Akinetes can withstand prolonged desiccation and under suitable conditions geminate giving rise to new filaments.

Eukaryotic Algal Cell:

Eukaryotic algae include many divisions each comprising its own cell structure and other specific characters. Though, basic characteristics common to all groups are - mitochondria, existence of membrane bound nuleus, plastids, chromosomes, golgo bodies, and 80s type of ribosomes. Besides cell division by mitosis, several groups illustrate sexual method of reproduction having fusion of gametes and meiosis (reduction division). The following account provides significant characteristics of algal cells of different groups.

Cell Wall:

Algal cell wall is primarily composed of cellulose. Other extra compounds may be added to it during growth. In brown algae hemicelluloses, fucin, alginic acid, fucoidin are also present. In diatoms wall material is mainly silica.

Cells of Division Chrsophyta do not have proper cell wall. They are enclosed by scales of silica (like Mallomonas). In coccolithophorides elaborate scales have calcium carbonate (calcite). Cell wall of red algae has polysylphate esters carbohydrates additionally to cellulose and pectin. Calcium carbonate deposits are discovered over surface of algae belonging to various groups of several marine seaweed, called as calcarious algae, for instance, Neomeris, Udotia (green algae). Corallina (red alga), Padina (brown alga) and fresh water alga Chara.

Plastids:

Every photosynthetic algae illustrate plastids - chloroplasts whose basic structure is related to chloroplasts of higher plants. Shape and location of chloroplasts in algae differs from species to species. When situated at centre of cell, they are known as axile, and when situated near periphery is known as parietal. Their number also following shapes of chloroplasts can be effortlessly recognized: spiral band (Spirogyra), girdle like (Ulothrix), cup like (Chlamydomonas), and stellate (star-shaped-Zygenema).

Ultrastrcuture:

Ultrastructure of algal chloroplast resembles that of higher plants, it is enveloped by double membrane. The number of thylakoid lamellae are spread into matrix -stroma. Lamellae are composed of lipoprotein complexes interspersed with molecules of chlorophylls and carotenoids. When phycobilins are present as in case of red algae, they are present in form of granules called as phycobilisomes, joined to membrane surface in linear rows. Stroma of chloroplast has many enzymes joined with photosynthetic carbon fixation. Arrangement of thylakoids in chloroplasts differs in different algae. They may be extremely closely stacked to form garna (sing, granum), as in green, brown algae and enlemophytes. In red algae they are extensively divided from each other.

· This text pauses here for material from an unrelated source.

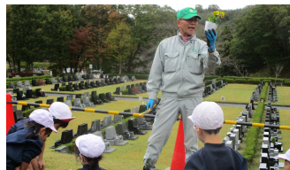
植え方の説明中。わかるかな??
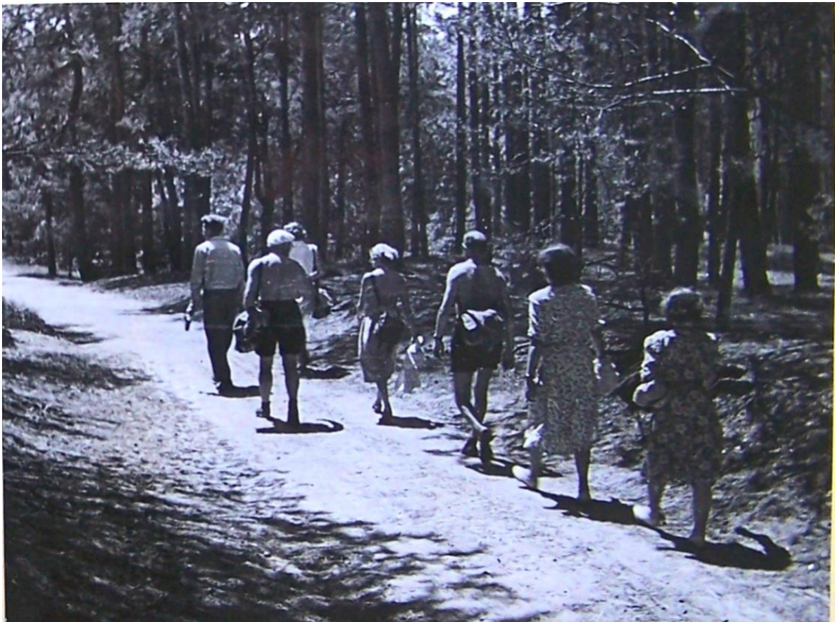
Wycieczka do Lasów Sękocińskich prowadzi Stanisław Petrek

One significant feature of chloroplast is presence of circular or like DNA. Plastids of Acetabularia, diatoms, Englena, chlamydomonas, members of Chrysophyceae, Xanthophyceae, phaeophyceae all have circular DNA. Chloroplasts give rise to novel plastids by easy division. Chloroplasts have ribosomes of 70s type that are present in cytoplasm. They also have complete machinery for protein synthesis. Ribosomes of 70s type are feature of prokaryotes such as cyanobacteria. Due to this fact it is thought that chloroplasts of eukaryotes were certainly cyanobacteria that became endosymbiontic during course of evolution.

Pyrenoids:

Plastids of several green algae have major proteinaceous granules known as pyrnoids around which starch is deposited. In several cases photosynthetic thylakoids are traversing matrix of pyrnoid or at least related with it. When chloroplasts separate, pyrenoids also split to give rise to novel pyrenoids. Several algae have only one nucleus per cell. Though, green algae like Chladophord Camlerpa and Vaucheria (Xantheophyceae) have more than one nucleus (multinucleate) similar to eukaryotic plant and animal nuclei, algal nucleus is enveloped by the distinct double membrane punctured by pores. During interphase (not separating, resting nuclets) uncoiled, fine chromatin threads are visible in nucleus.

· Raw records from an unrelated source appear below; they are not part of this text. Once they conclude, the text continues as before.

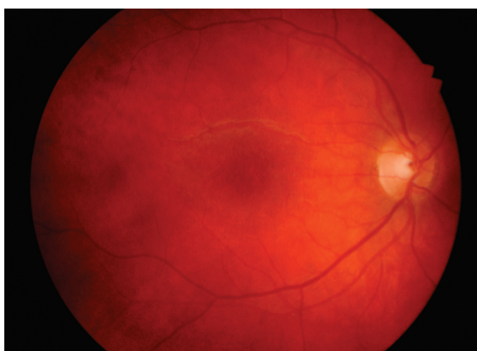
Obr. 5. Téměř úplná resorpce hvězdicové makulopatie pravého oka 2 měsíce po léčbě
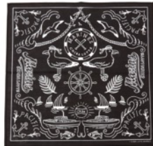
千葉ロッテマリーンズ
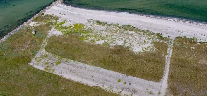
Das fuchssicher eingezäunte Brutfeld ist ca. 4500 m 2 groß
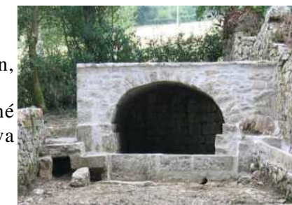
Fontaine du Bourg à Padirac

Le site Internet http://www.paysdepadirac.fr a trouvé sa vitesse de croisière. N'hésitez pas à nous contacter pour y faire figurer vos manifestations, ou toute information que vous souhaitez diffuser.
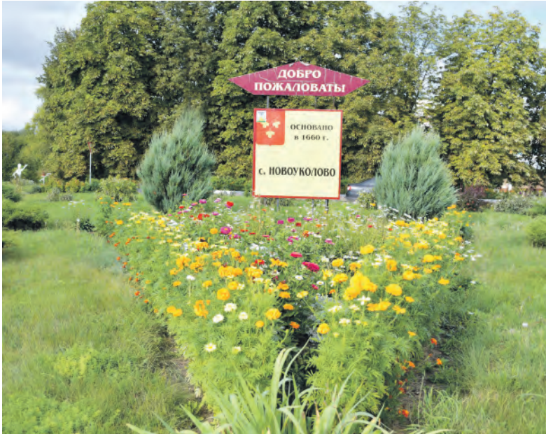
Одна из цветочных композиций.
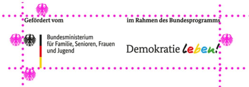
Illustration: Schutzraum um das Logo

in der kein anderes Element platziert werden darf. Die Schutzzone hat zu jeder Seite hin die Breite von einem Adlerelement.

Several algal nuclei have globular nucleoli, one or more in number, at times attached to specific region of chromosome nucleolus organizer. Nucleolus may disintegrate and vanish during cell division but reappear during interphase. It is now know that nucleolus is involved in synthesis of cytoplasmic ribosomes. Structure of nuleus in algal groups Euglenophyta and Dinophyta is fairly unique and is dissimilar from all other eukaryotes. During interpphase, nucleus inside its membrane illustrates not uncoiled chromatin fibres but very condensed chromosomes further, unlike in other organisms, they do not have histone proteins. Number of chromosomes present in every genus or species of ala has no relation with systematic position. Smallest number recorded is n=2 and highest may be 600 or more. Size of individual chromosomes is also variable. Large chromosomes are discovered in Oedogonium, Cladophoraand Chara.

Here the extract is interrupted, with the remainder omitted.